Post by Sean Lew, Business Consultant at BearingPoint
There is a growing need for organizations to collaborate more efficiently across time zones, geographic locations and across departments. Collaboration promises greater efficiency, streamlined communication and better knowledge retention across an organization. Collaboration software like wikis has also been sprouting all over organizations with no real direction from the senior management. Many organizations have started taking a more serious look at such forms of collaboration technologies.
Internal collaboration
Collaboration is not just providing a virtual platform for employees to work together. It allows employees to hold conversations and discussions online and provides background and context for visitors or new team members. With all the information well documented, there is a reduced risk of losing information when employees move on.
Many collaboration technologies also provide a social aspect of it where employees can connect with people outside of their team. This allows self discovery of assets within the organization, find other experts and innovate on the project, department or the business.
External collaboration
Collaboration with suppliers and customers should also be an area organizations should look at.

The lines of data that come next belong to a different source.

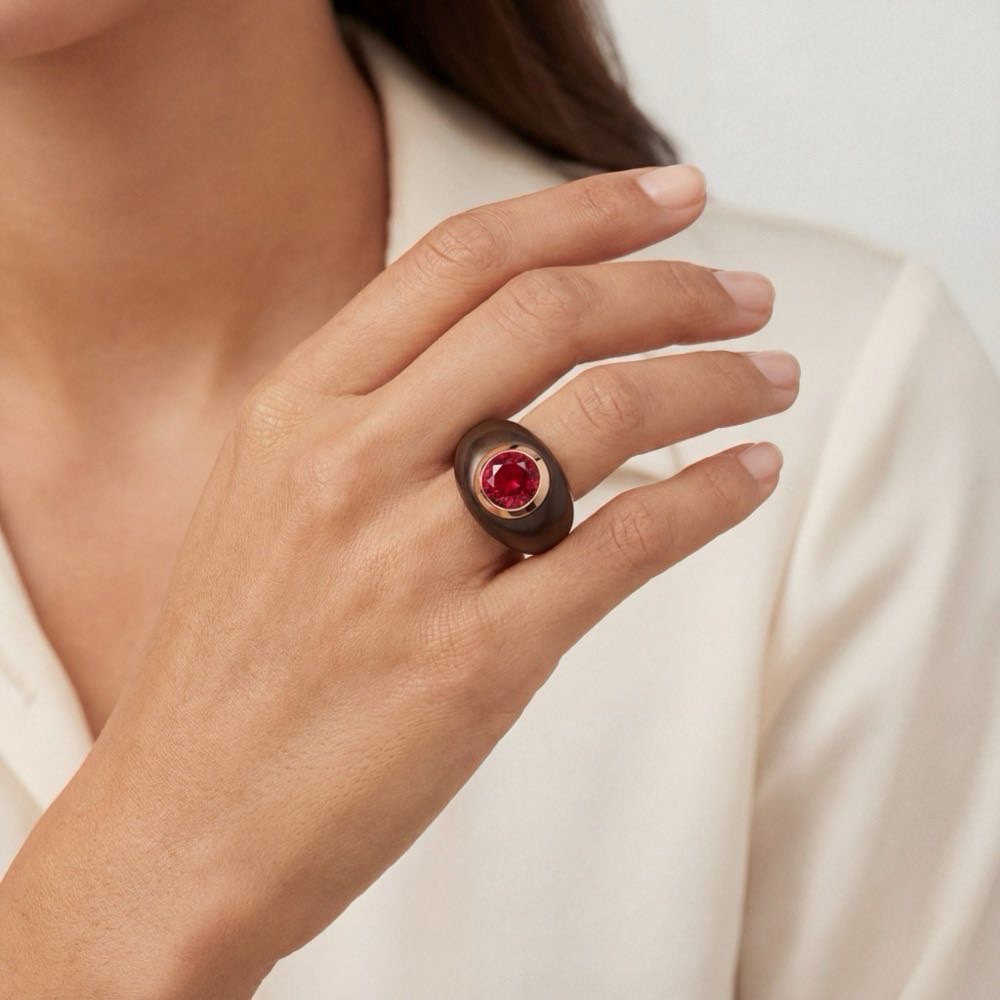 Charakterstarker Ring mit einem tiefroten Feueropal und einem Materialmix aus Bronze und warmem Roségold 18 Karat.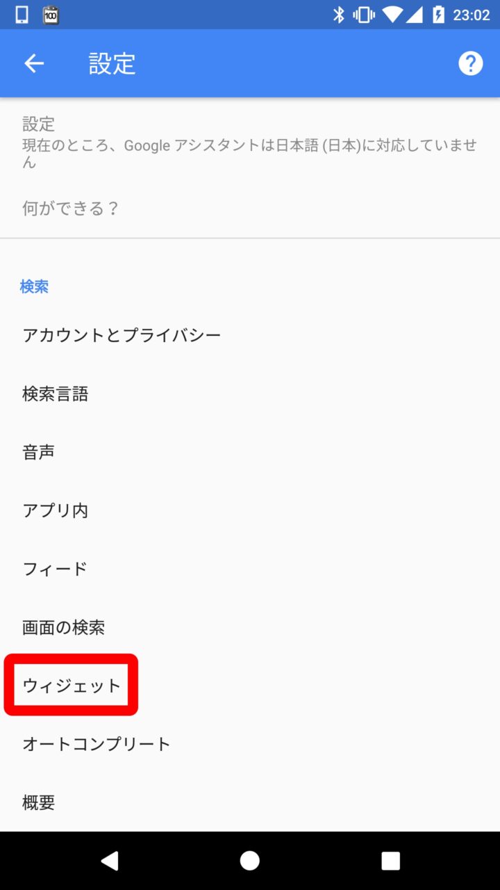 最新の Android 版「Google アプリ」の設定には “ウィジェット” という項目があります。この “ウィジェット” はホーム画面に Google 検索の “検索バー ウィジェット” を配置している場合に表示される項目で、“検索バー ウィジェット” を配置していない場合は表示されません。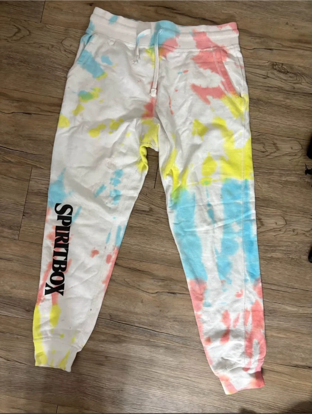 Selling a pair of Spiritbox tie dye sweatpants! They're in great condition and super comfy. The tie dye pattern features a mix of blue, yellow, and pink. The brand name is printed down the side of one leg.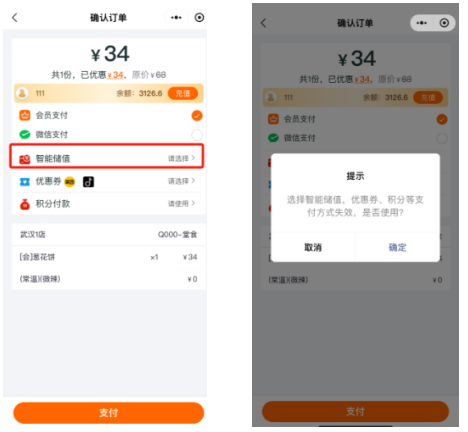智能储值启用后,前台储值支付界面和扫码点餐支付界面均展示智能点餐;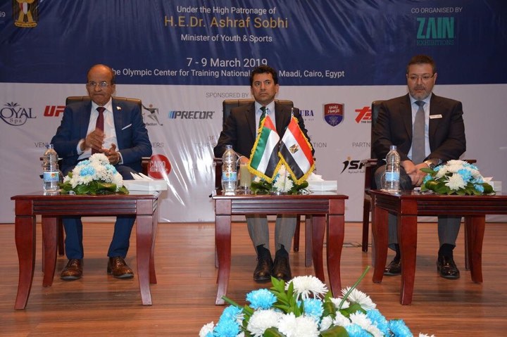 شهد أشرف صبحي وزير الشباب والرياضة ،مساء اليوم الثلاثاء، فعاليات المؤتمر الصحفي للإعلان عن تفاصيل استضافة مصر للمعرض الدولى الخامس للرياضة واللياقة البدنية والصحية ISF North Africaخلال الفترة ٧-٩ مارس المقبل بالمركز الأوليمبي لتدريب الفرق القومية بالمعادي تحت رعاية وزير الشباب والرياضة.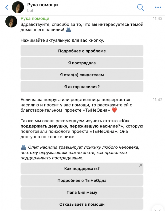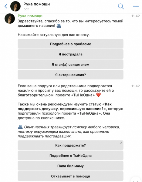 Чат-бот «Рука помощи» для столкнувшихся с домашним насилием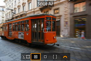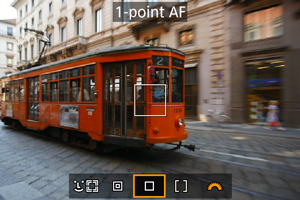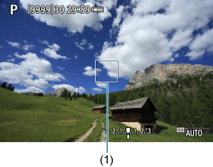 - AF tačka (1) će se pojaviti. Sa zonskim AF, prikazan je okvir zonskog AF.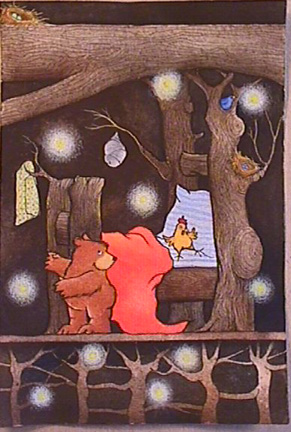 Many years ago I created a series of notecards that were illustrated front and back as well as on the inside. This card is a tri-fold card that has cut-out figures, animals, and woven paper pockets to store them all in. I love making these cards and may design a series that will be produced commercially.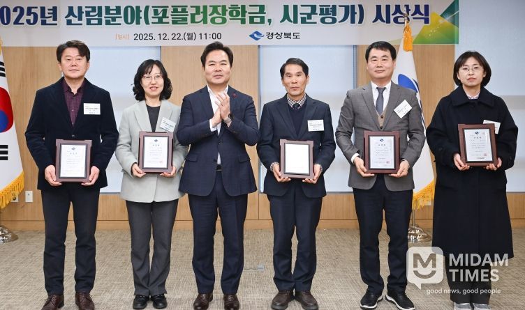 미담타임스 김준완 기자 | 경상북도는 22일 도청 사림실에서 ‘2025년 산림분야 종합평가’우수 시군에 표창패와 포상금을 수여하고 한 해 동안 산림시책 행정 추진을 위해 노력한 시군 관계자들을 격려했다.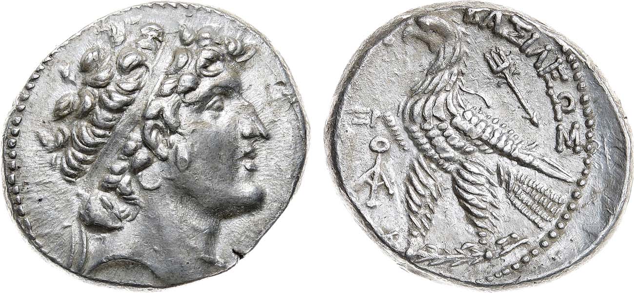 Серебро. 14,24г. Берит. Аверс: портрет Александра I в диадеме вправо. Реверс: легенда "BAΣIΛEΩΣ — AΛEΞANΔPOY"; изображение орла - влево на пальмовой ветви. Sawaya 37-44 var. SC 1824.4. AU/UNC.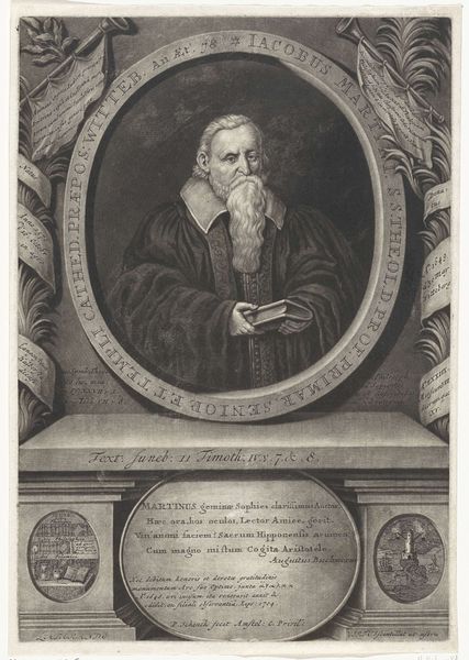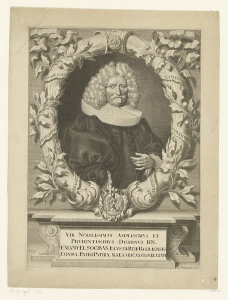 Curator: So, here we have Andreas Matthäus Wolfgang’s “Portret van Georg Bernhard Wibel,” an engraving, dating from somewhere between 1703 and 1737. Editor: Immediately, there's something captivating in the gravity of his gaze and the cascading white hair – it feels like encountering an Old Testament prophet, wise and weathered by time. Curator: An engraving captures details in such a fascinating way. Looking at the textures, consider the labor involved in creating these lines, the tooling, the pressures applied to the plate… each stroke deliberate, creating tone and depth from tiny marks. Editor: And look at those minute inscriptions that frame the portrait! To consider the level of craft, dedication and skill required fills me with such reverence. What secrets are encoded in his eyes and etched within those curls? It feels like a riddle wrapped in silver ink. Curator: Yes, exactly, Wolfgang likely used burins, small hardened steel rods that when dragged across a metal plate, lift sharp metal shavings which create the recessed lines into which ink will settle. It's fascinating how these fine lines coalesce to build a personality, isn’t it? I'm particularly struck by how he renders the ruffled collar and the play of light across the subject’s face. Editor: Speaking of faces, I cannot take my eyes off this Georg’s stern, but kind face, he looks as though he carries untold stories in his eyes... Also, those plump cherubs holding a laurel wreath, and an engraved family crest—the details feel so carefully constructed. Almost staged to represent status and intellectual pedigree. Curator: Portraits like this were, after all, carefully constructed statements. They were meant to convey particular messages about the sitter’s status, character, and affiliations. A way of controlling a particular man's social persona, making sure posterity got the picture. Editor: Indeed. When you consider the physical and cultural labor, you have a piece with multiple layers of craftsmanship; from the sitter who embodied the character, to the craftsman who painstakingly translated that onto metal plate. Curator: And so, in examining this print, we not only appreciate Wolfgang's skill but also the intricate web of production and symbolism embedded within this Baroque era artwork. Editor: Yes, a remarkable artifact and reflection of not just a man, but also an entire mode of production and period.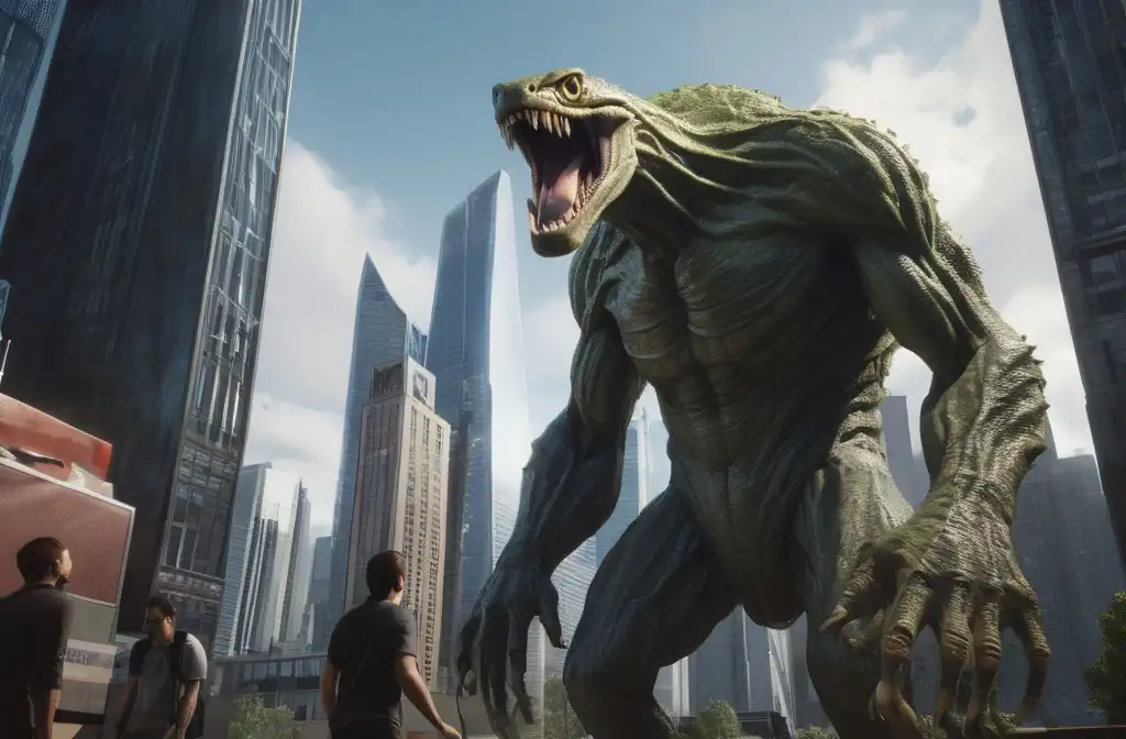 Satan looks like the traditional devil from Christian theocracy. He is red, tall, muscular, two horns upon his head, yellow eyes; he does not have fangs but he does have a sad, toothy smile.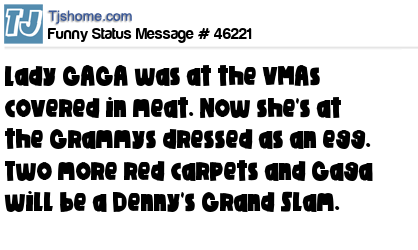 - # 46546 Lady Gaga went to the VMA's dressed as meat, now she went to the Grammy's in a egg. Two more red carpets and she will be a Denny's Grand Slam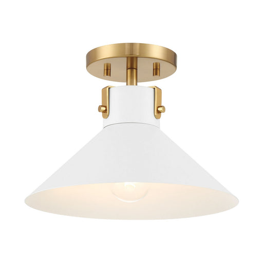 View full detailsMeridian M60078WHNB One Light Semi-Flush Mount, White and Natural Brass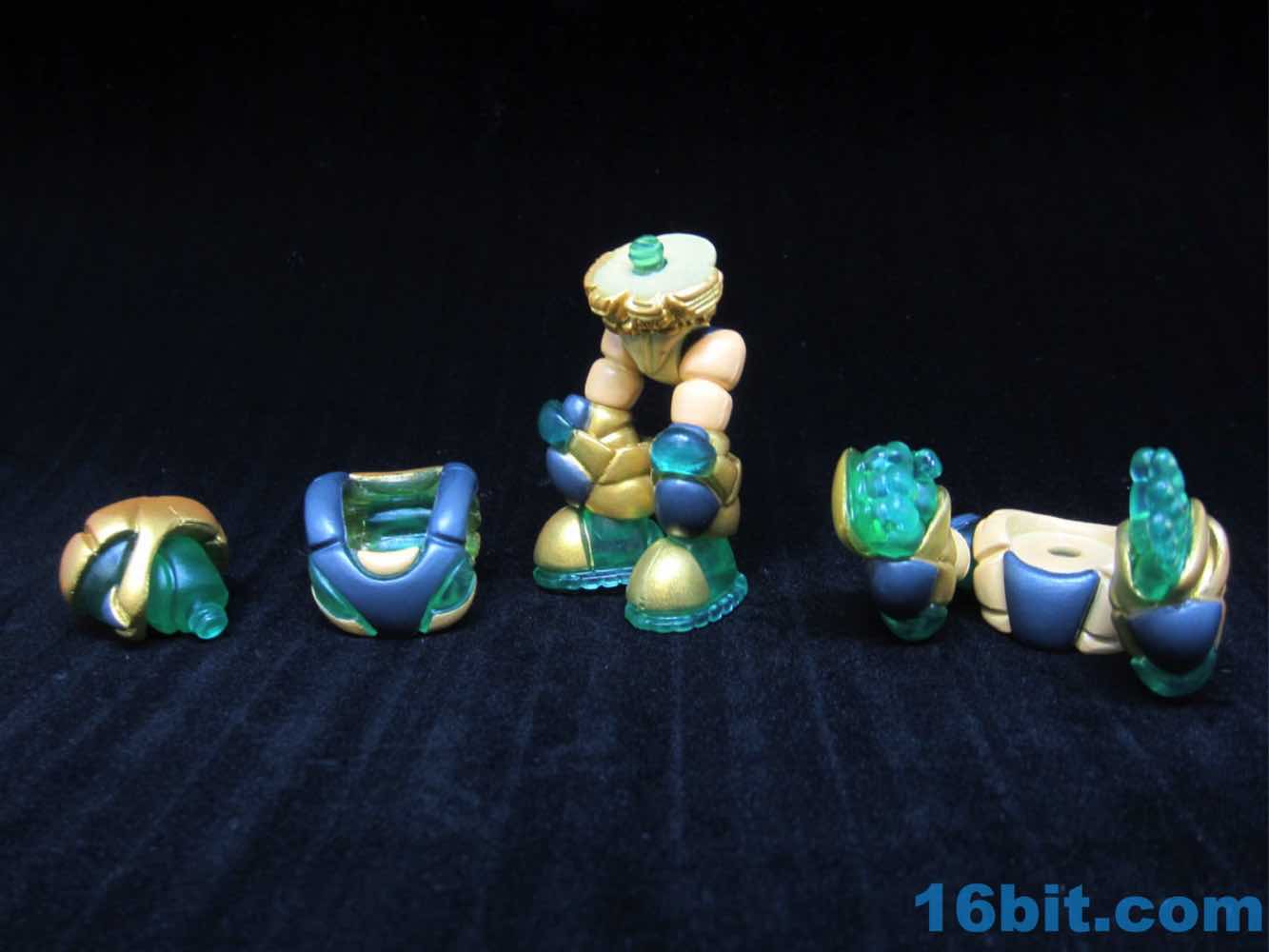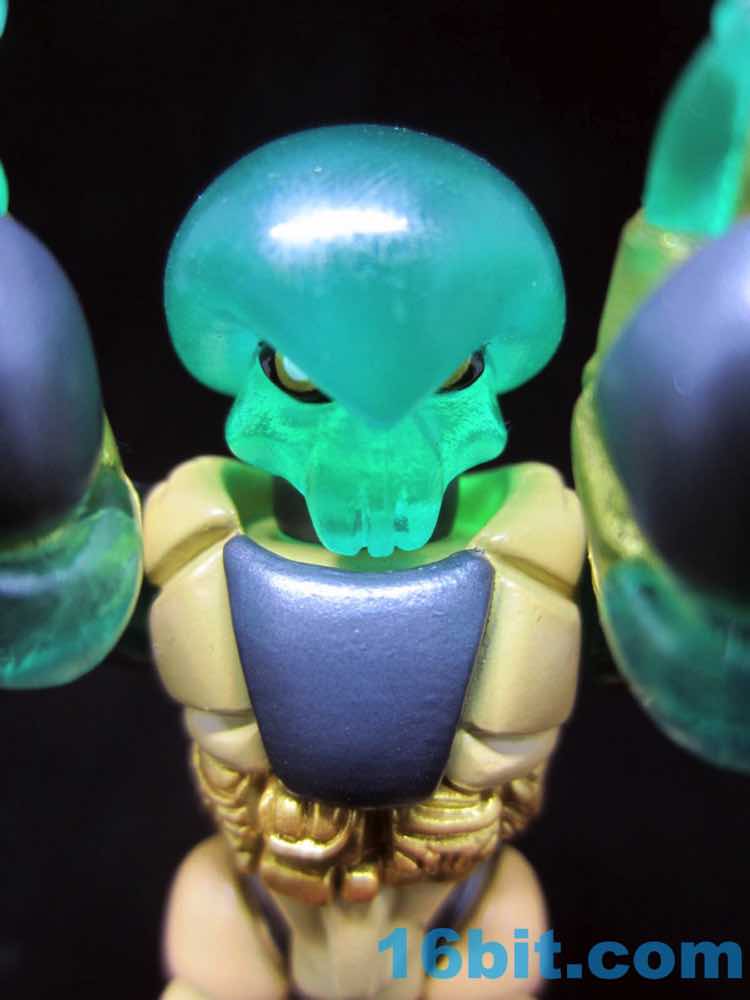 Fancy! Onell Design posted that they were aiming to do fancier paint jobs more in line with The Outer Space Men, and they got it. Standing about 3-inches tall, Glyarmor Cytechion DX is expensive but there's a lot of action here. The figure is molded in the same clear green plastic as Rayexx [FOTD #1,665], but with layers of paint. Many layers. There's a creamy yellow layer, metallic gold, and some grey - plus a few places for the green to peer through.

Harvard Business School (http://hbswk.hbs.edu/archive/5258.html) conducted a research on Procter and Gamble’s (P&G) innovation model which includes connecting with the global talent pool in search of promising ideas and implement P&G’s capabilities to create better and cheaper products – fast. Such forms of collaboration, may it be with suppliers or customers can be very astonishing.
The success of collaboration is to take an enterprise view and formulate an adoption strategy across the various departments. What is your organization doing to strategize and implement changes to meet the needs of your rising collaboration requirements?